I used a compositional technique that often drives my writing, selecting a limited set of images (in this case, a mirror, a hammer, a book, a chessboard and the two chess pieces) and combining them in various ways, experimenting with juxtapositions and different ways of presenting the objects. Ever since I set fire to a tree in my grandad’s garden when I was ten, I have been fascinated by fire, and an image that has repeatedly imposed itself on my mind’s eye lately has been that of one of my own books, in flames. So I knew early on that I would include footage of a burning copy of the mannequins are more real than you. In the end, I burned just one page (a poem called “The mannequins are only playing dead”), and in the film poem this shot appears more than once, playing at different speeds and, in its first iteration, in reverse, so that the written page is created by the flames. But I didn’t want the destruction of my own work to end there. Inspired perhaps by @gadgetgreen (who a year or so ago tore up, mangled and generally wrecked a copy of my book Mono and tweeted the pictures), I filmed a stop-motion sequence, in which rips appear in pages of my book and the shredded remains crawl away, out of shot. Like the burning page, we see this more than once: forwards and backwards. Creation mirrors destruction.

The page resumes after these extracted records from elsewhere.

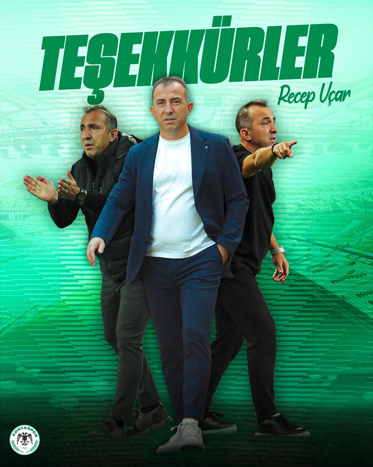 Konyaspor Kulübü’nden yapılan açıklamada, “Teşekkürler Recep Uçar! Teknik direktörümüz Recep Uçar ile karşılıklı anlaşarak yollarımızı ayırdık. Kulübümüze verdiği hizmetlerden dolayı Recep Uçar ve teknik ekibine teşekkür eder, bundan sonraki kariyerlerinde başarılar dileriz.” ifadeleri kullanıldı.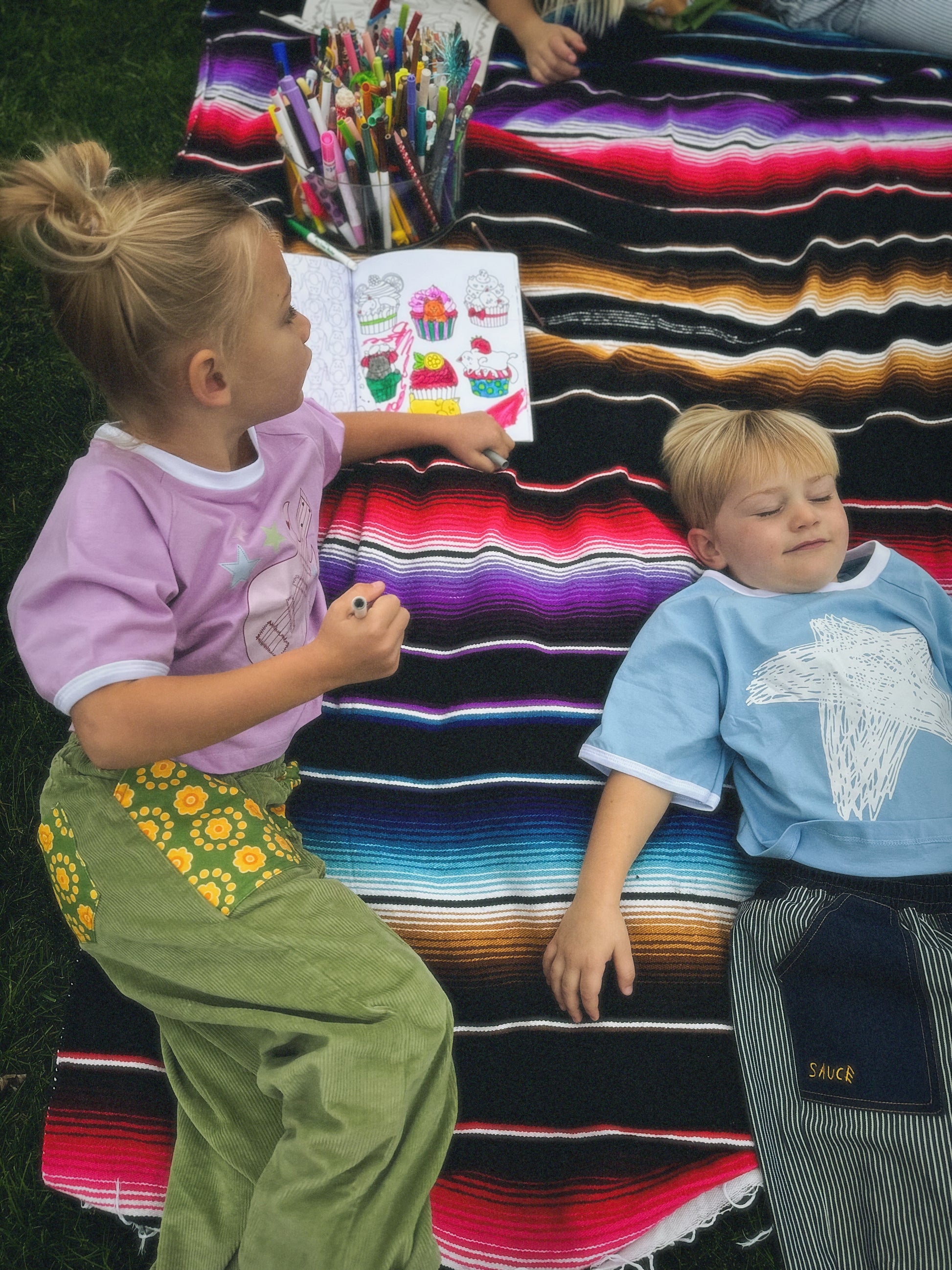 an oversized, boxy fit with a crewneck, a dropped shoulder. scribble star graphic screen printed across the front.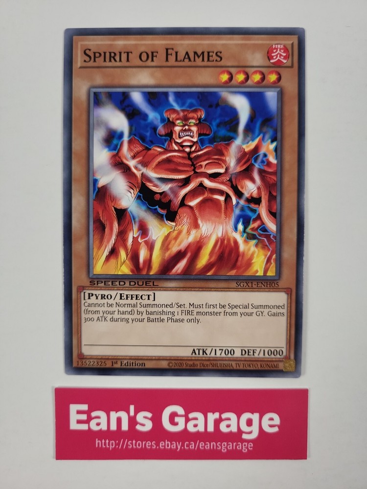 Yu-Gi-Oh! Spirit of Flames common Speed Duel GX: Duel Academy SGX1:ENH05 Condition: Mint Details (+): Bright and glossy colors, firm and flat, no tearing, no stains, no folds NOTES: All our cards are new and never been played All cards include a rigid Toploader card holder and a clear protective sleeve Please see pictures and read the information below SAVE ON SHIPPING! COMBINED SHIPPING SAVINGS APPLY AUTOMATICALLY WHEN YOU ADD MULTIPLE ITEMS TO YOUR SHOPPING CART PLEASE READ OUR WARRANTY, SHIPPING AND RETURNS POLICIES BELOW · Condition and grading: · We provide our best judgement based on general comic grading standards, we are not professional or certified graders. · FA: (Fair) Lots of problems, stains, big chunks missing, loose pages, split spline, etc. · GD: (Good) some wear and tear, small tears or small pieces missing, heavy roll on spline · VG: (Very Good) little wear and tear, little gloss, some creases and small folds, yellowish pages, some minor damage on spline but pages are all attached · FN: (Fine) very little wear, minor creases or folds, some stress marks on spline · VF: (Very Fine) minor wear, firm and flat spline, minor folds or bends · NM: (Near Mint) looks glossy and new, firm and flat, very minor marks · MN: (Mint) almost perfect condition · Gem Mint: perfect condition.... Warranty Contact us if you have any issues with an order as your first step, we will do our best to resolve any problems in a fast and professional way. We have done our best to describe the items we sell as accurate as possible, again, if you have any questions, please ask before shopping Our games and movies are tested so we guarantee they are in good operational condition, regardless, if any issues arise within 48 hours after receiving your items, please contact us. There is no guarantee for any download codes or it's validity and in many cases we ignore if they would've been part of the original package, therefore: No download codes, skins or manuals are included unless noted otherwise. Shipping We combine shipping Within Canada and the U.S: Canadapost Lettermail or Small Packets USA air are our default - transit time can be up to 15 business days (Monday thru Friday) depending on your location. Transit time and Customs clearing are beyond our control. International shipping options may vary depending on your location and might take up to 4 weeks depending on the shipping service you select and it's availability, again, transit time and Customs Clearing are beyond our control. For faster and traceable services please pick Expedited, Express or Priority. Regular letterpost and most Economy services DO NOT include a tracking number We ship within 48 hours (Monday thru Friday), this means that we take your parcel to the postal office, beyond that point is up to the carrier (Canadapost, FedEx or UPS) Please consider these facts when leaving feedback and rating us since we are not the operators. Orders placed on Friday after 3 pm, Saturday or Sunday will be shipped on Monday. Returns 1.- Contact us 2.- Let us know what is the problem immediately after receiving 3.- Only valid reasons for a return are: wrong item or defective item 4.- Do not unpack or use the item(s) 5.- Item(s) must be returned in exact condition as they were shipped by using a traceable postal service Track Page Views With Auctiva's FREE Counter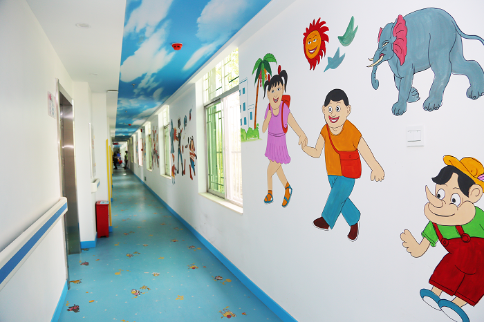 近日,隨著醫(yī)院的改造升級(jí),兒科病房一改往日單調(diào)刻板的面貌,變身童趣十足的游樂園。整個(gè)科室以兒童喜愛的鮮亮色彩作為主色調(diào),并增添了許多人性化設(shè)計(jì),將原來白色墻面豐富為彩色亮麗、充滿童趣的墻體,走廊處畫上了各類卡通圖案,營造了溫馨可愛的氛圍,小朋友們就診時(shí)如同置身于卡通樂園,充分體現(xiàn)了現(xiàn)代化??漆t(yī)院室內(nèi)設(shè)計(jì)的人文理念。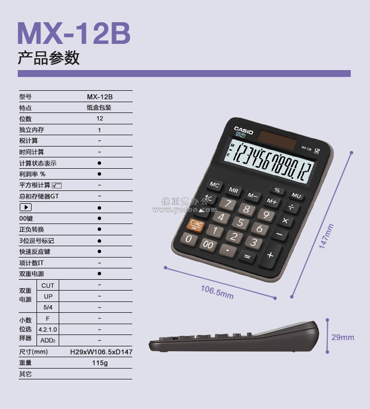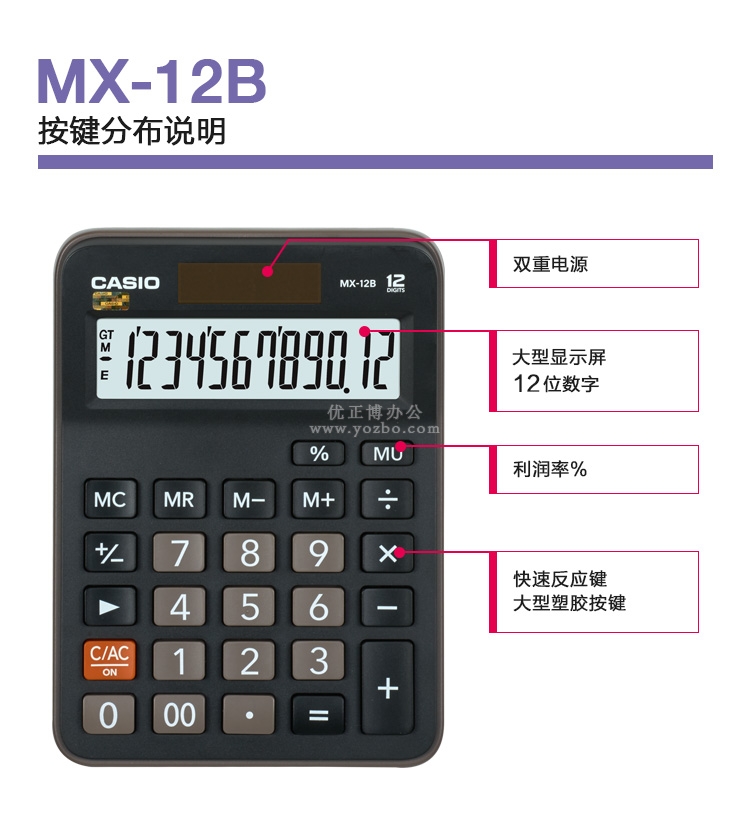 > 辦公用品 > 桌面用品 > 計(jì)算器 > 卡西歐(CASIO)12位數(shù)桌面型計(jì)算器 MX-12B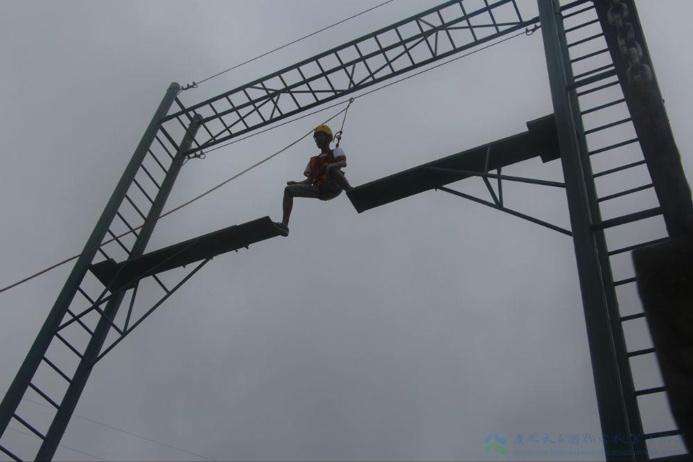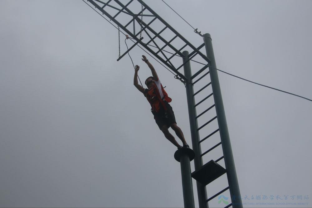 曾家山的工字五面体是一个高空运动项目,在赶往场地的途中仿佛走入了黄庭坚的词句“我欲穿花寻路,直入海云深处,浩气展虹霓!”。这是一块高地,如果是欣赏风景,那么心头多少会浮现出美丽的诗句。而此时,学子们要挑战的不仅仅是自己的潜能,更有临危不惧,居高自若的心态。“高度”对于大多数人来说都有不同程度的恐惧,而真正的勇者是独立不惧的。正如庄子所说:“夫至人者,上窥青天,下潜黄泉,挥斥八极,神气不变”也只要这样的“至人”才能“登高山,履危石,临百仞之渊”而依旧百步穿杨,箭无虚发。在高考场上,人生路上,人往往在最关键,最重要的高处一败涂地。所以此次户外拓展选择了这个高空项目,锤炼学子之心。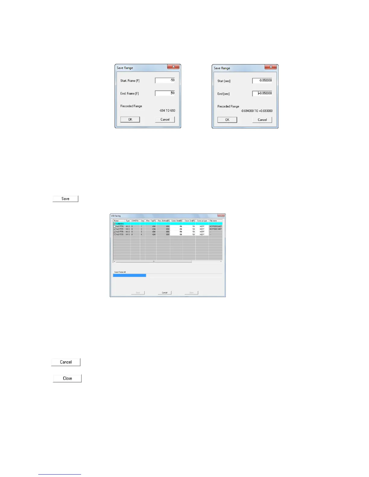 Each button in the "Save to USB" dialogue functions as follows.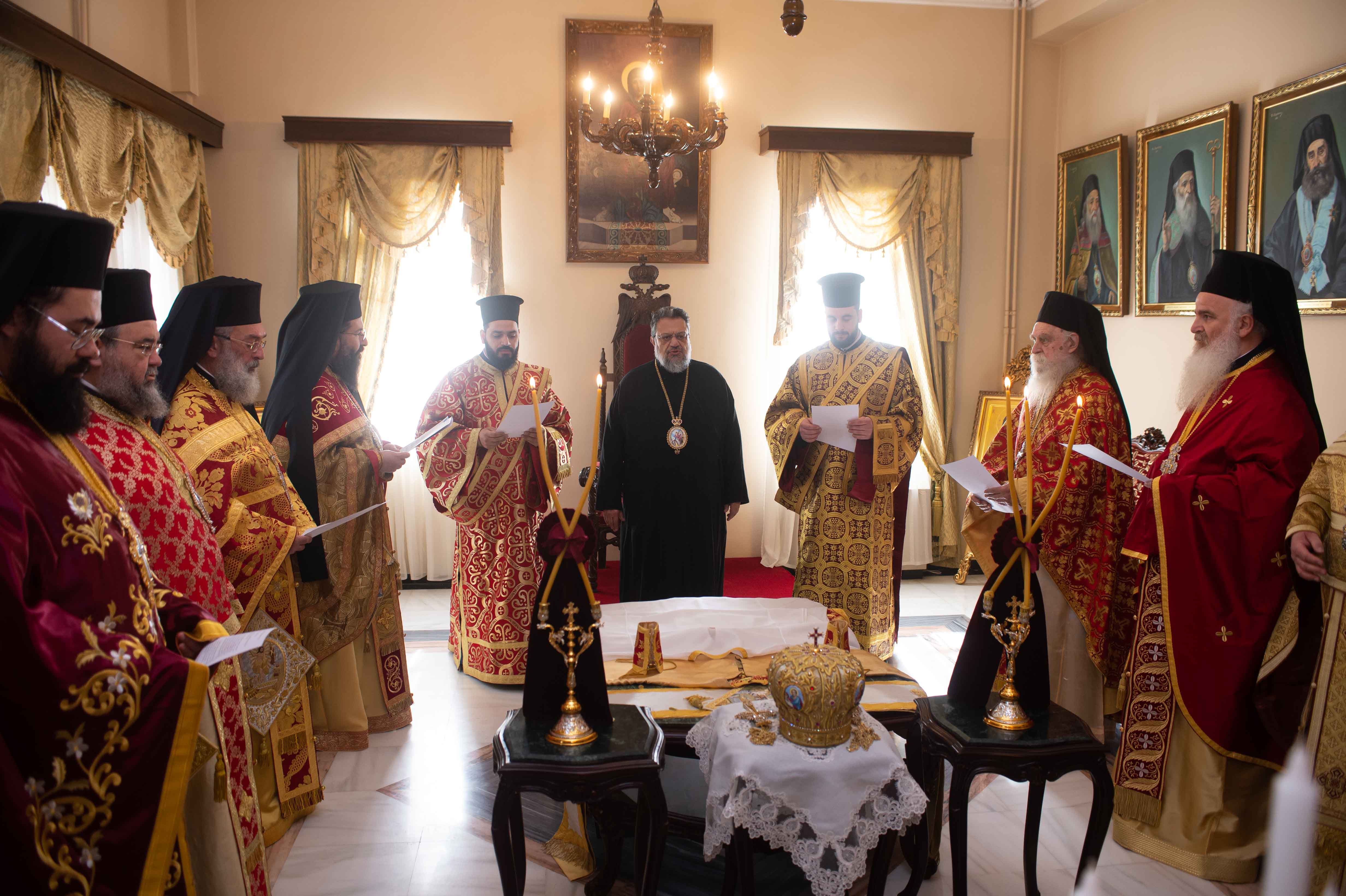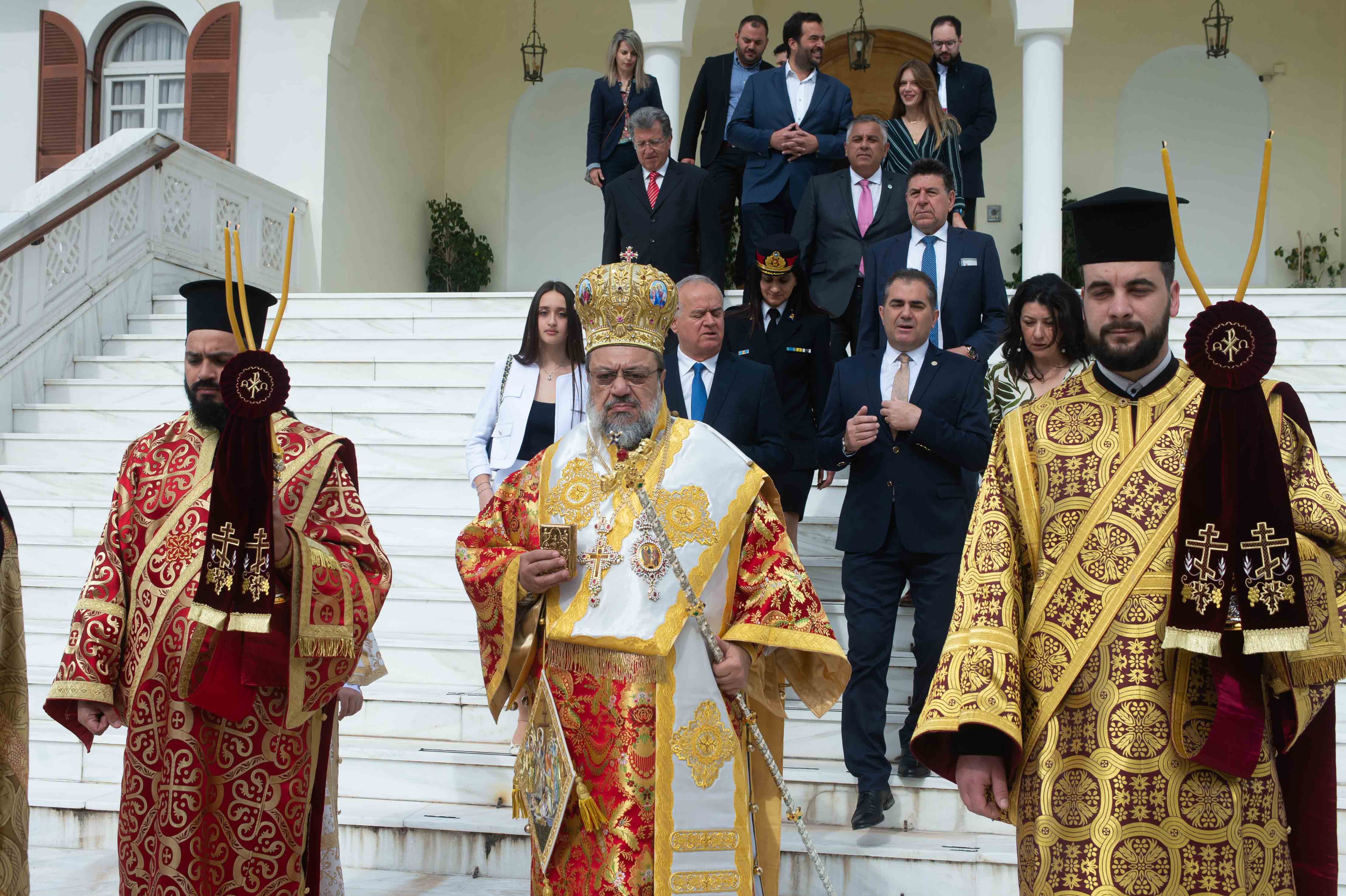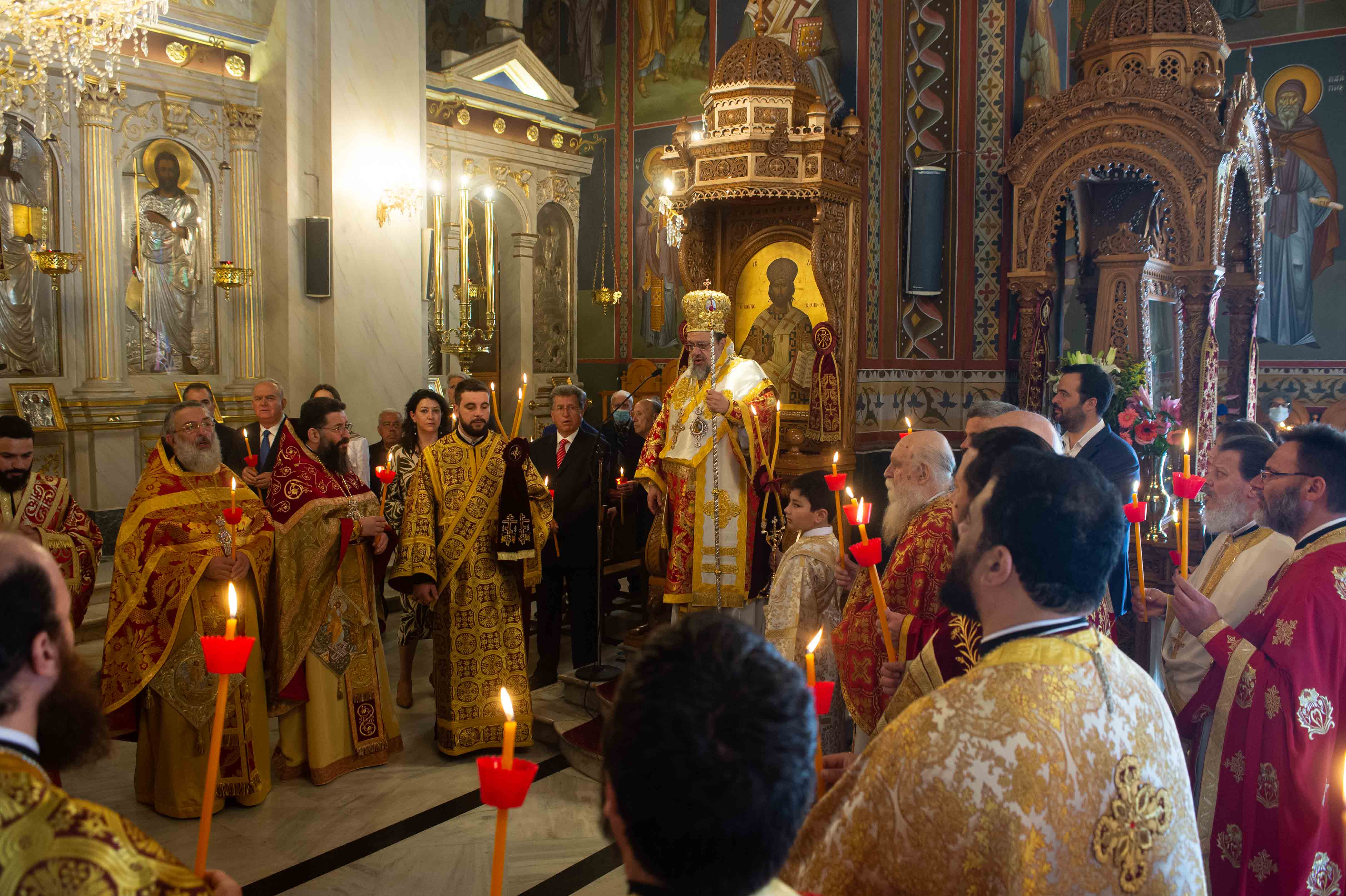 Συγκεκριμένα ο Σεβασμιώτατος ανέγνωσε το Ευαγγέλιο στην Γαλλική, ο Ιεροκήρυκας της Ιεράς Μητροπόλεως Αρχιμ. Γεώργιος Μπίζας στην Λατινική, ο Αρχιμ. Αλέξιος Αρώνης στην Αγγλική, ο Πρωτοσύγκελλος της Ιεράς Μητροπόλεως Αρχιμ. Φίλιππος Χαμαργιάς στην Τουρκική και ο Διάκονος Θεόφιλος Κυριάκος στην Ελληνική.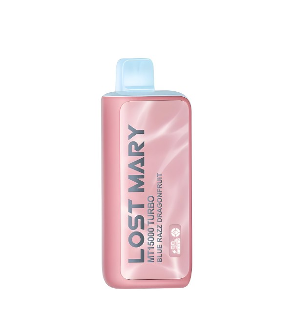 Lost Mary MT15000 Turbo, 15.000 pufa kadar kullanım, %5 nikotin (50 mg), 16 mL dolum, USB Type-C şarj, çift mesh coil ve LCD ekran ile uzun ömür ve yoğun aroma sunan şarj edilebilir kullan at elektronik sigaradır.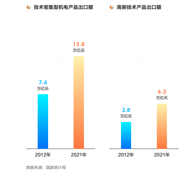 随着技术革新,中国制造业产品的出口由以劳动密集型行业为主,逐渐转变成了以技术密集型行业为主。技术密集型的机电产品和高新技术产品出口额分别由2012年的7.4万亿元、3.8万亿元增长到2021年的12.8万亿元、6.3万亿元。

At several points in the film, the viewer is presented with brief close-ups of bits of text, including random fragments visible on torn, scrunched-up pages. Looking becomes reading, or perhaps writing: the shots are so fleeting that the viewer is forced to select words and phrases to read, and in that act of selection, the viewer/reader writes the film’s meaning. When I write or make pictures, I never set out to determine meaning; that is for the reader to decide, through a creative act of interpretation. In making mirror | writing, my sole intention was to play with some objects that fascinated me, toying with reflections and echoes. I had no final destination in mind. The viewer looks in the mirror. The viewer writes.
The film was made using a smartphone and a tablet, commonplace possessions. We are all photographers, writers, artists, film makers now. As Isidore Ducasse said, “Poetry should be made by all.”